Hello Edward,
I suspect what you're seeing is caused by the fact that the maximum size
enforcement happens at the client-server packet communication level, not
on inspection of specific parts of the payload, such as the data buffer of
the znode. Other parts of the payload, such as the path, would be a
contributing factor too.
If you're in a bind, then a potential workaround is to tune the
configuration of jute.maxbuffer as described in the administrator guide.
However, this usually comes with a disclaimer that ZooKeeper is better
suited to smaller data storage, so you might want to consider if your
application can be changed to do something different.

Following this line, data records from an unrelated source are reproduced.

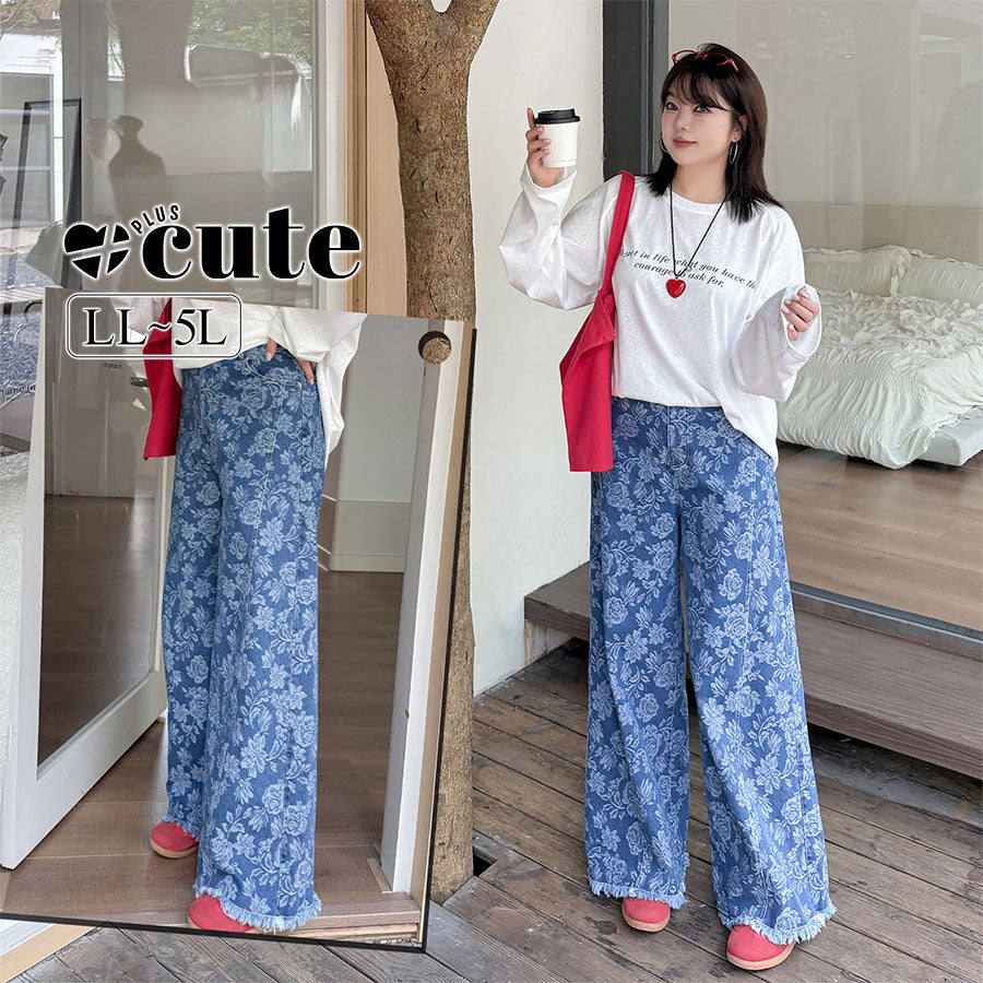 大きいサイズ レディース ヴィンテージ風ジャカードデニムワイドレッグパンツ LL 3L 4L 5L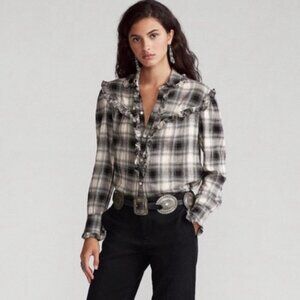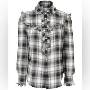 EUC Women's RALPH LAUREN Ruffle-Trimmed Plaid Shirt | Size M
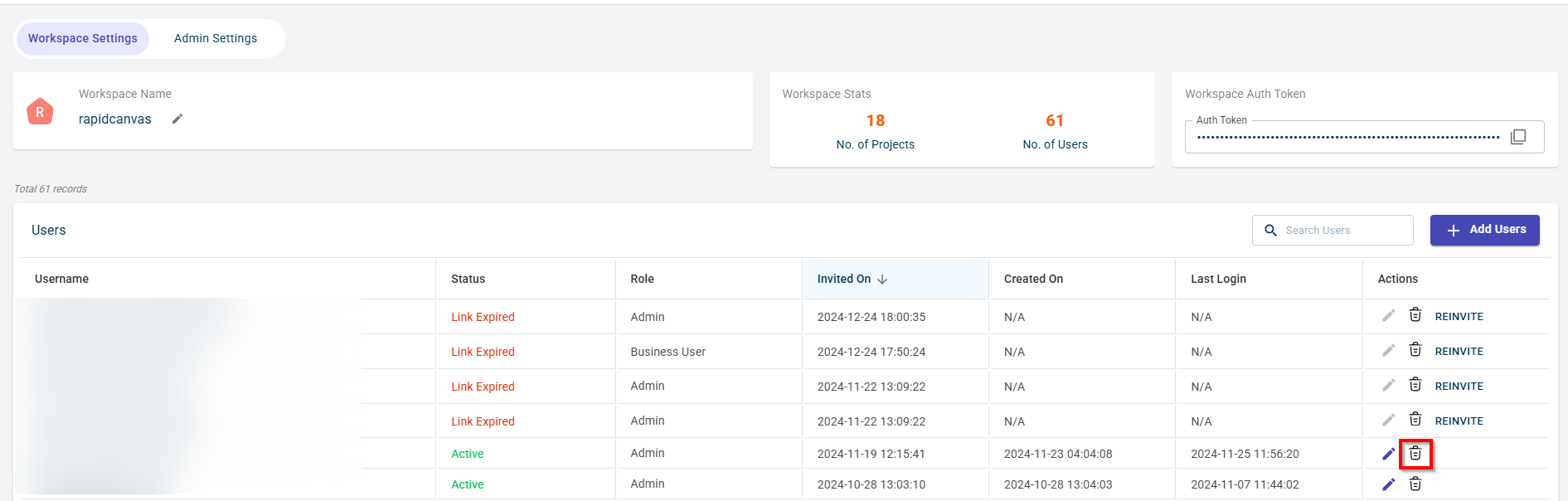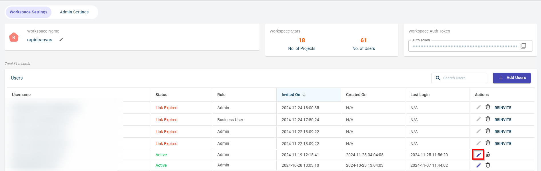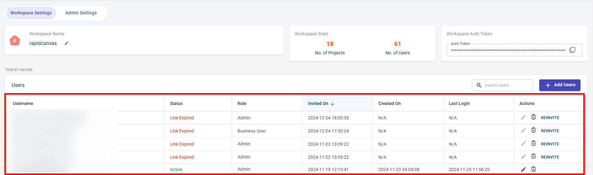 Click the REINVITE button to resend an invitation to the user for joining the platform or workspace. This option appears only if the user’s original invitation link has expired.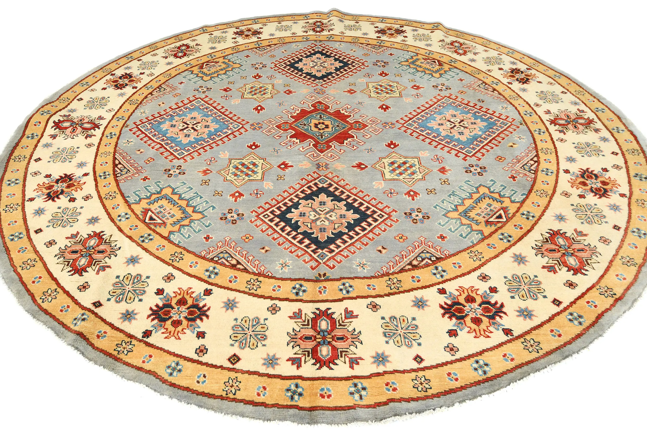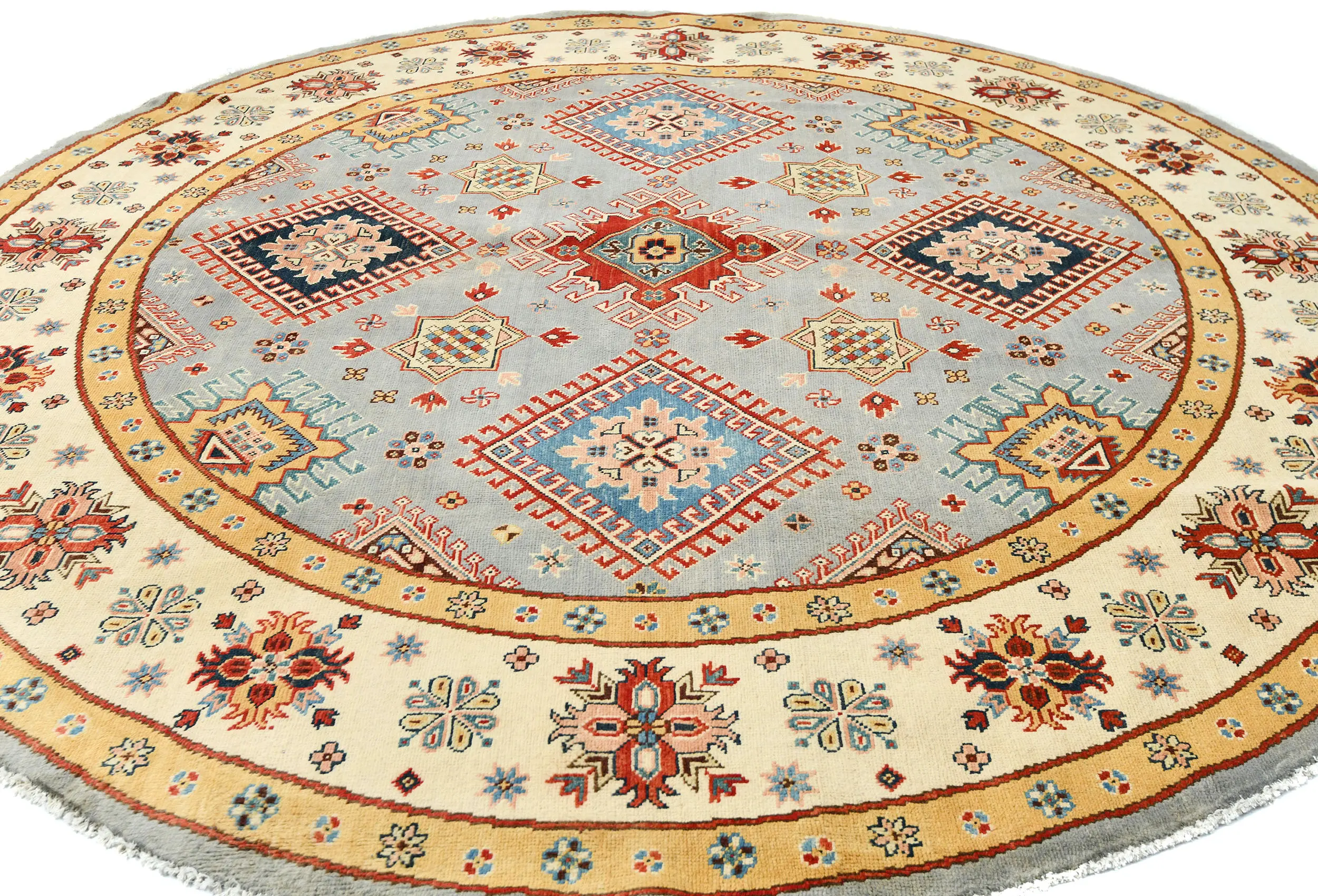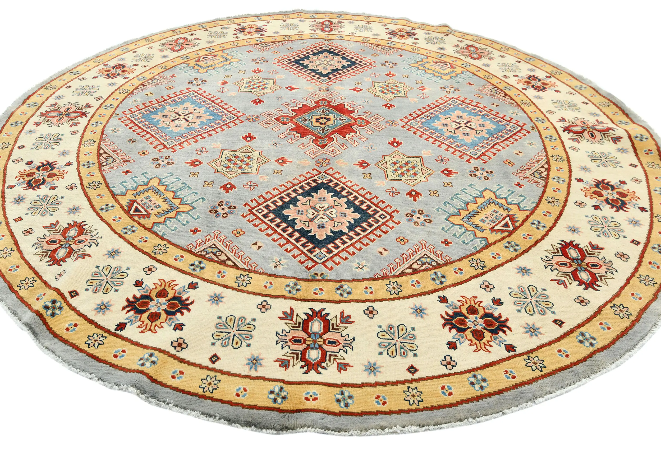 Hand Knotted 8X8 Gray Oriental Round rug made with vegetable dyes (fine wool pile and cotton foundation), exceptional knot count, and appealing ancient designs. This Oriental rug never will go out of style and would be among your most valuable treasures.

http://zookeeper.apache.org/doc/r3.4.6/zookeeperAdmin.html
The behavior of jute.maxbuffer is a common source of confusion. As you
pointed out, the Javadoc makes it sound like the limit is enforced solely
on the znode data contents. ZOOKEEPER-1295 is an open issue that tracks
improving this documentation.
https://issues.apache.org/jira/browse/ZOOKEEPER-1295
I hope this helps.
--Chris Nauroth
On 10/15/15, 11:12 AM, "Edward Capriolo"
<edward.capriolo@huffingtonpost.com> wrote:
>We are running zookeeper-3.4.5
>
>byte[] bytes = new byte[1048576];
> zookeeper.create("/test_max", bytes);
>
>-> connection loss exception
>
>byte[] bytes = new byte[1048576-100];
> zookeeper.create("/test_max", bytes);
>-> works
>According to the documentation
>http://zookeeper.apache.org/doc/r3.4.5/api/org/apache/zookeeper/ZooKeeper.
>html
>The maximum allowable size of the data array is 1 MB (1,048,576 bytes).
>Arrays larger than this will cause a KeeperExecption to be thrown.